Герасим смотрит на меня и смеется.
— Чего это, — говорит, — куда их? Подушку, что ли, пером набить хочешь? Так от кур-то перо лучше.
— Нет, — говорю, — набей, пожалуйста, десяток.
— Чего это, Лисеич, заряда жалко — на что тратить… Давай тады твое ружье, сейчас настреляю.
— Василий, — говорю я Княжеву, — вот что: Герасим настреляет грачей, надо их будет ощипать, только чтоб тетка Афросинья не видала, а то откажется жарить.
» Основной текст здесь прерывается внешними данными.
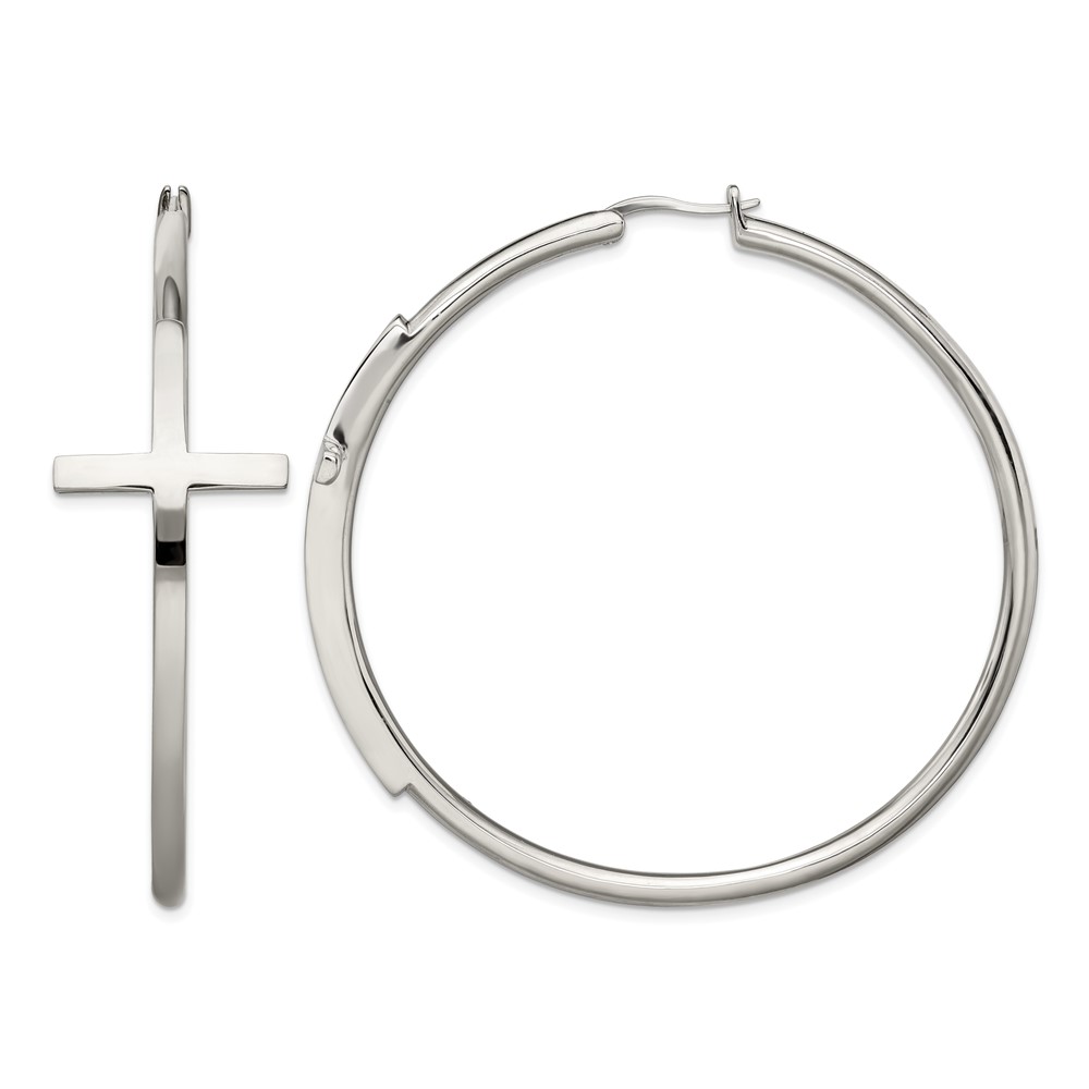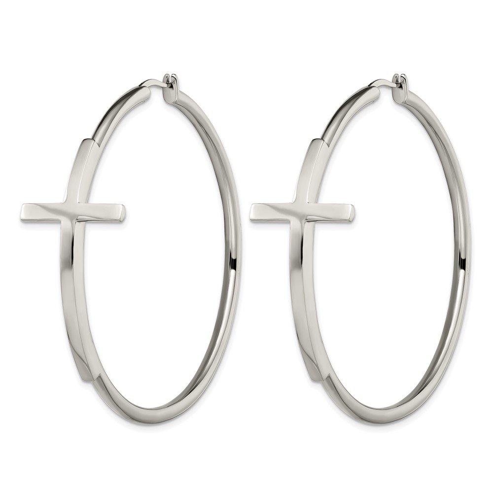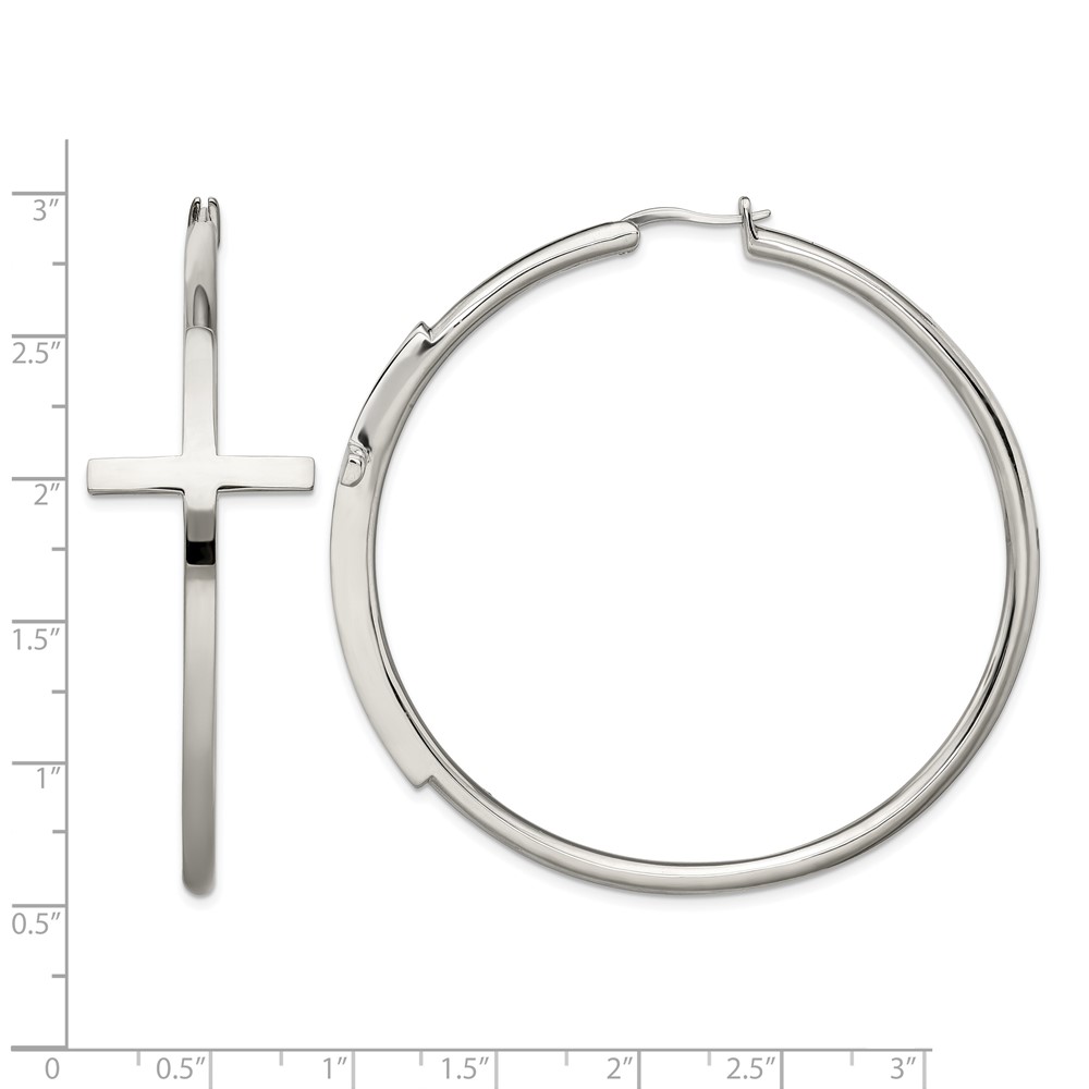 Chisel Stainless Steel Polished Large Cross Hoop Earrings

Головки у них отрежь и ноги тоже. Скажешь ей, что это дичь — чирки, ну или вроде.
Василий смотрит на меня с удивлением, проводит пальцем под носом и смеется, шипя, вроде как гири у часов поднимает.
— Это чего? — говорит. — Неужто вы гостей ими кормить хотите?
Жареных грачей кладем в банку, туда эстрагон, маленькие огурчики, разводим брусничное варенье и заливаем. На банку наклеиваем ярлык с английских красок: «Италиен-Ринг-Ализарин». Сбоку ярлык. Пишу: «Альбион, рябчик».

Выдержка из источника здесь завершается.